Nara

I guess so many people wrote something about it, so it’s pretty discouraging even to attempt to write something “new.” 

But as a Fox, I’m pretty shameless, so let’s try.

I sincerely believe that every human being is unique, and with that comes a different opinion. I didn’t want to visit Nara, by ani means it’s a beautiful town but not in the monsoon season. Especially if you attempt to get some pretty pictures from the forest and old shrines. It’s wet, dirty, and cold because you will get soaking wet in a couple of minutes. 

And yet, despite all arguments I just wrote, I couldn’t say “no,” to my mother, who was ”VERY” excited to see bowing deer. 

That’s why I made my own investigation about Nara along the way, and want to share it with you. Here it will be more facts and destinations you should consider, and if you want more story type things, you should click here.

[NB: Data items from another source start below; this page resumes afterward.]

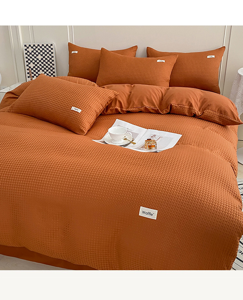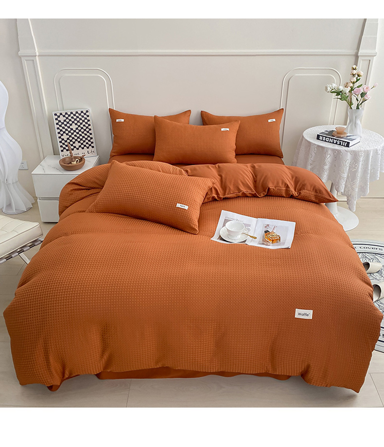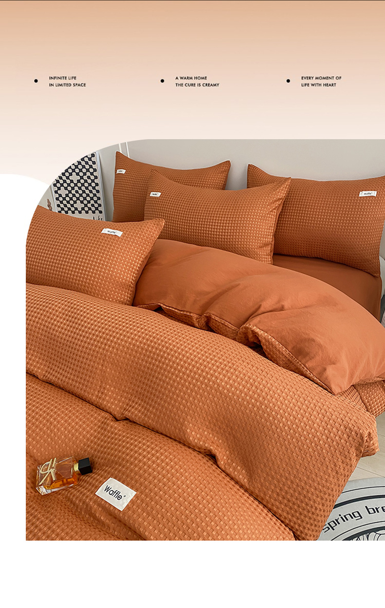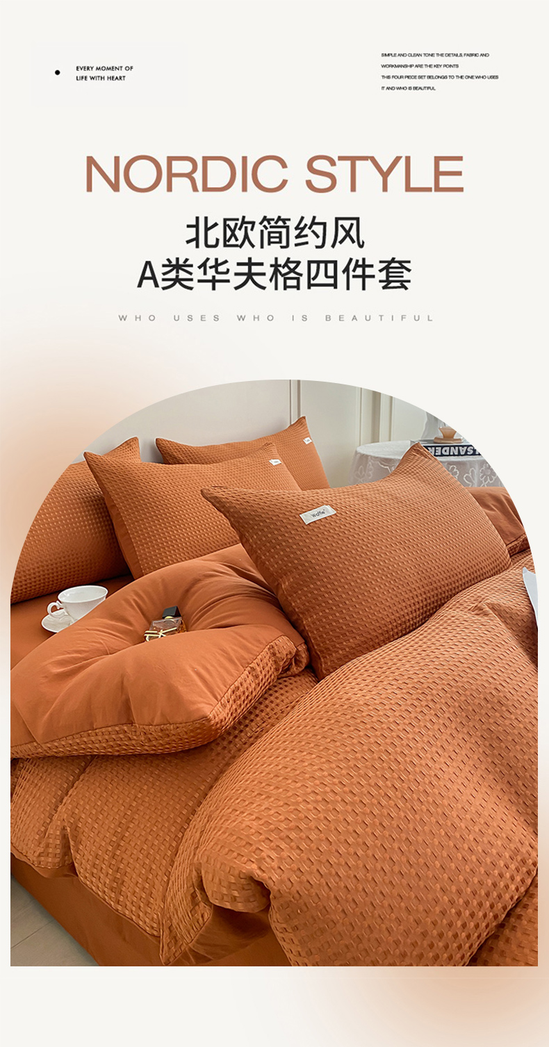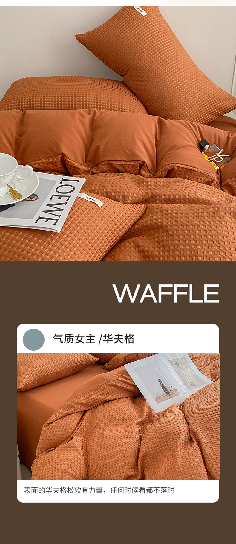 仟网汇 2025新款华夫格森语夏被四件套北欧简约风 夏被-焦糖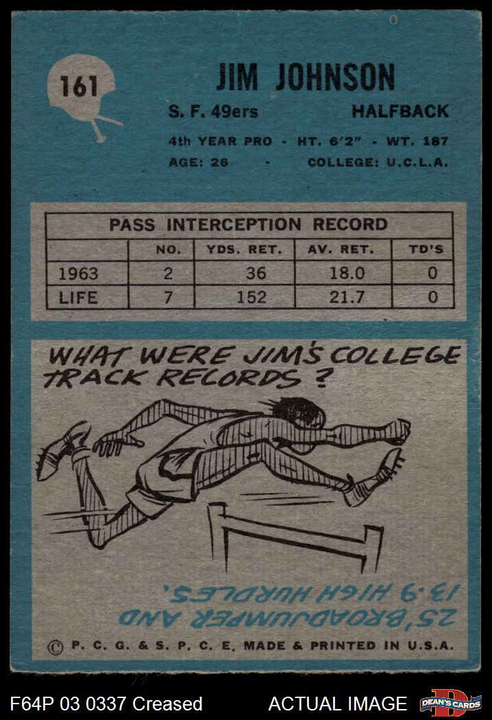 1964 Philadelphia #161 Jimmy Johnson 3 - VG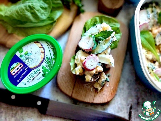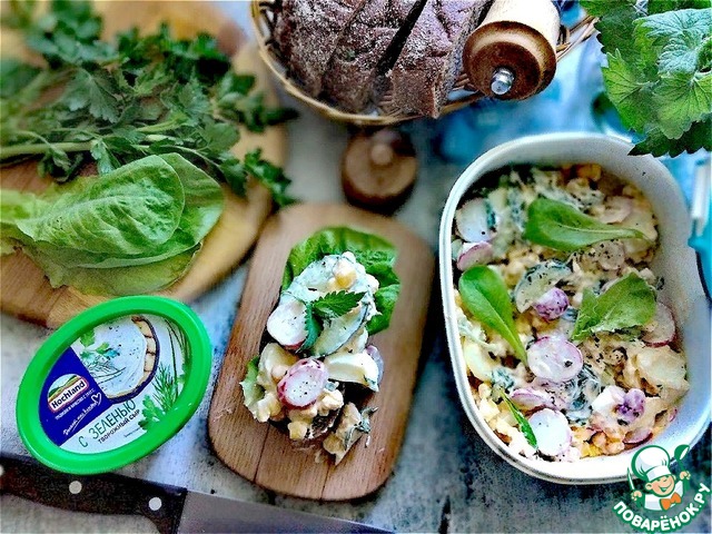 Салат можно есть как салат, а можно как закуску, выложив на кусок хлеба. На хлеб кладём крупный листик салата зелёного, а поверх - сам салат, украшаем листиками мелиссы или мяты. Очень душевно и нежно на вкус. В такой салат я никогда не кладу лук, даже зелёный. Я не люблю вкус редиса с луком.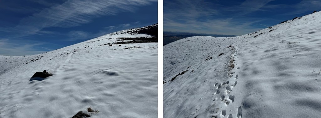 However, on my way back I could see a faint trail under the snow that skirted Goat Peak to the left, so I took that back to the ridge. I’m not sure if this is an actual trail or a game trail, but it went.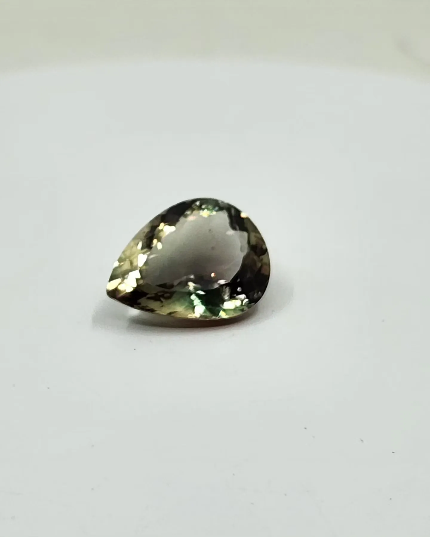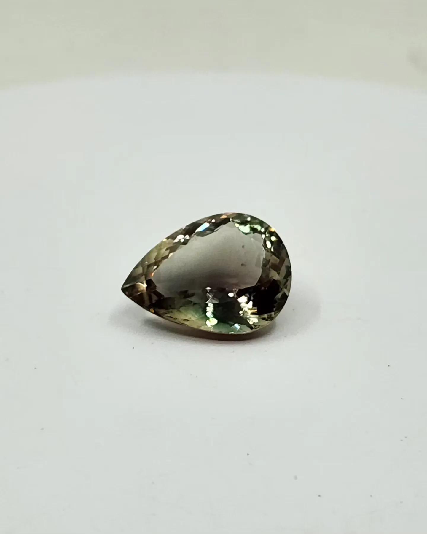 This bicolor green/gold Oregon Sunstone has that peachy copper “schiller” effect while remaining very clear. It’s a balancing act this stone pulls off so well.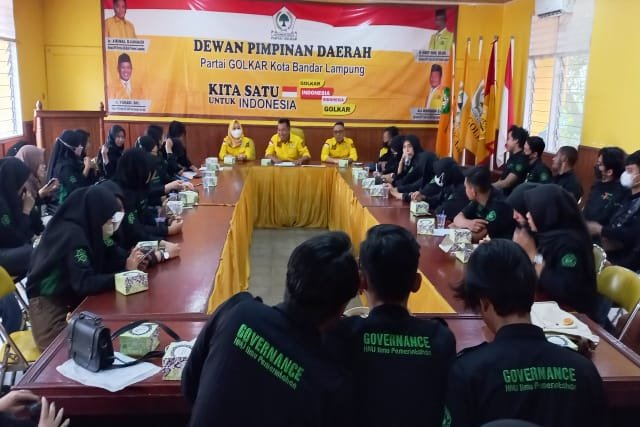 Dalam Safari Politik ke Partai Golkar, Kamis (23/6/2022) rombongan mahasiswa Jurusan Ilmu Pemerintahan diterima oleh Sekretaris DPD Partai Golkar Bandarlampung Ali Wardana, Ketua Fraksi Partai Golkar DPRD Bandarlampung Benny HN Mansyur, Heti Friskatati dan sejumlah pengurus Golkar.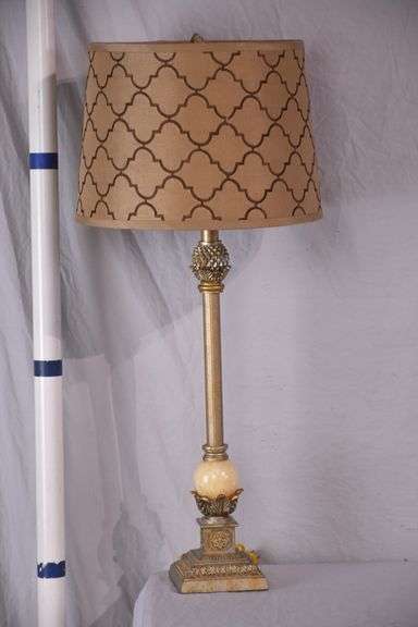 LOT 365 - Ornate gold stick lamp with shade; 11238-098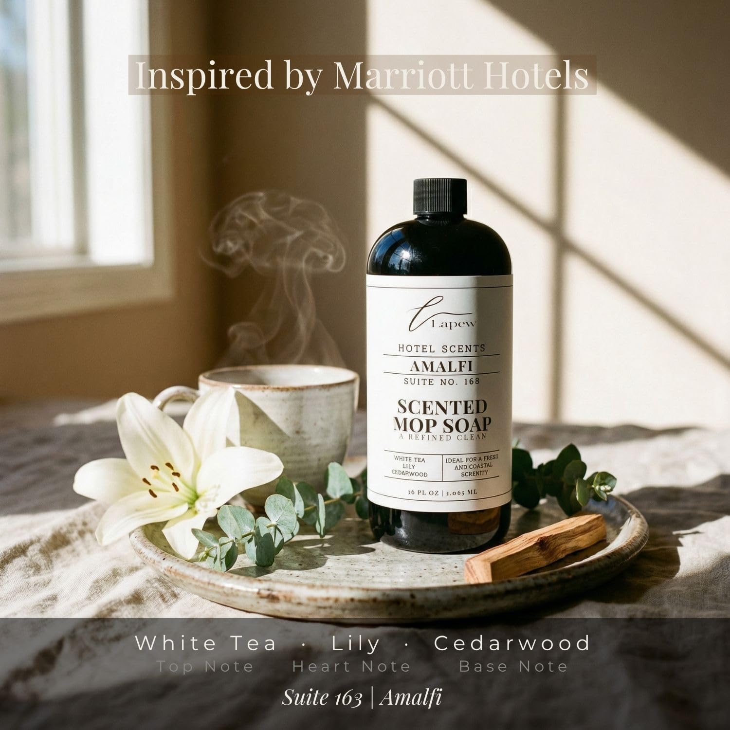 Breathe in the fresh coastal serenity of the Amalfi Coast with Amalfi Suite 163 — an elegant blend of white tea, lily, and cedarwood inspired by Marriott's most celebrated Mediterranean resort properties. Add to your mop water for a clean, coastal freshness throughout your home. Part of The Lapew Home Scent Ritual. Made in the USA.

If you prefer all the facts in one place, you should continue reading.

I know that Google may help with the “Top 10 attractions in Nara”; the problem is that that kind of search usually mentions only the most popular one. And with that, you’ll get a BIG amount of tourists; I’m on the other hand, picked my places based on 50/50 raite. It means that half of them are trendy, and the other half not so intensely crowded.

Tōdai-ji is a Buddhist temple complex that was once one of the powerful Seven Great Temples

Japan’s first permanent capital settled in the year  710 at Heijo, the city now known as Nara (奈良). Before that date, the capital used to be moved to a new location whenever a new emperor ascended to the throne. 

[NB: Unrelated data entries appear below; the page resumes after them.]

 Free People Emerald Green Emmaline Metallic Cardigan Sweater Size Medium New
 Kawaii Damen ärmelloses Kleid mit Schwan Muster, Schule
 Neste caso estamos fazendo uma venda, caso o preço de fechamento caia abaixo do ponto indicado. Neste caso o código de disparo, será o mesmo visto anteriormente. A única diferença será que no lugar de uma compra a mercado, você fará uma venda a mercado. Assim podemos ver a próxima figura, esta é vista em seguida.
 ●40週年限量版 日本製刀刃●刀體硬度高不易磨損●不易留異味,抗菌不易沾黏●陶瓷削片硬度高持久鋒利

However, as the political ambitions and influence of the city’s monasteries grew and became a severe threat to the government, the capital was moved ones again from Nara to Nagaoka in 784. But that didn’t stop ambitious people, so in a few years, capital was moved to Kyoto.

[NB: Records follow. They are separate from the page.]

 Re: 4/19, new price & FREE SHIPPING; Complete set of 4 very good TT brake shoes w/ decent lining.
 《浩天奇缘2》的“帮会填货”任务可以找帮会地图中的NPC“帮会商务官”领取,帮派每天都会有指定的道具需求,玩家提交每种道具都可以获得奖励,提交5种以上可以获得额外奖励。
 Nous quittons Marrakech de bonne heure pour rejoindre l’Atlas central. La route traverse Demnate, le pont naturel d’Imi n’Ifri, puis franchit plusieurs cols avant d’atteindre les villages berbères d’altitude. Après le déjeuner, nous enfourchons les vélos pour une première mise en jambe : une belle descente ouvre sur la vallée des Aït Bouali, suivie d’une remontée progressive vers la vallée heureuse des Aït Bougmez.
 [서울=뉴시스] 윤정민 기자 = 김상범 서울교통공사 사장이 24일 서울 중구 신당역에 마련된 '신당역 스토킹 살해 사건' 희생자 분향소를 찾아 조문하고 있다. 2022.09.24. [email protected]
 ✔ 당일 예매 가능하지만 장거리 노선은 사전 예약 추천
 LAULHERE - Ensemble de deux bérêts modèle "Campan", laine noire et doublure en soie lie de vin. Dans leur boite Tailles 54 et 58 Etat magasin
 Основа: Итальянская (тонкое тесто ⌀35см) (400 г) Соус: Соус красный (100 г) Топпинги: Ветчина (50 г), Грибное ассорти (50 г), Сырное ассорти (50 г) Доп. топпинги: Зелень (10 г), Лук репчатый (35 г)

Nara is located ideally for the day trips, or weekend travels, less than one hour from Kyoto and Osaka. Because of its reach history and beeing the first permanent capital, the city remains full of historic treasures, including some of Japan’s oldest and largest temples.

How to travel between Nara and Kyoto

I’m an old school traveler, and prefer to use trains 🙂

 You can choose between two railway companies, JR and Kintetsu, both provide train connections between Kyoto and Nara:

By Japan Railways (JR)

Direct, 45 minutes, 710 yen one way, two times per hour

Miyakoji rapid trains operate every 30 minutes between Kyoto Station and JR Nara Station. 

The one-way trip takes 45 minutes, costs 710 yen, and is covered by the Japan Rail Pass.

 For the same fare, the trip could also be made by twice-hourly local trains in 75 minutes.

By Kintetsu Railways

0-1 transfers, 35-45 minutes, 620-1130 yen one way, multiple times per hour:

Two times an hour, you can catch nonetheless, then – limited Express. I can’t say that I’m a big spender during my travels, but Sakura Liner gives you good airplane experience. Deluxe seats have a reclining function, footrest, and electric outlet, which mainly is a big positive moment when you are traveling.

 You should treat yourself and choose limited Express, trains take about 35 minutes and cost 1130 yen for the one way trip from Kyoto Station to Kintetsu Nara Station. 

Alternatively, there are hourly direct express trains that take 45 minutes and cost 620 yen one way. There are additional connections by express trains if you do not mind transferring once at Yamato-Saidaiji Station. The Japan Rail Pass is not valid on Kintetsu trains.

Passes and Tickets

The Nara Bus Pass provides unlimited use of Nara Kotsu buses around Nara. It comes as a 1-Day Pass for 500 yen that covers central Nara and the Toshodaiji/Yakushiji area, a 1-Day Pass Wide for 1000 yen that additionally covers the Horyuji area, and a 2-Day Pass for 1500 yen that additionally covers the Asuka area. The pass is on sale at the bus ticket offices across the street from Kintetsu Nara Station and inside JR Nara Station.

A sort of an extension of the Nara Bus Pass’ 1-day wide version is the 1-Day and 2-Day Kintetsu Rail Pass, which is available to foreign tourists only. In addition to the buses around Nara (as far as Horyuji), it also covers unlimited rides on Kintetsu local, rapid and express trains between Osaka, Nara, and Kyoto. The 1-day pass costs 1500 yen while the 2-day pass costs 2500 yen.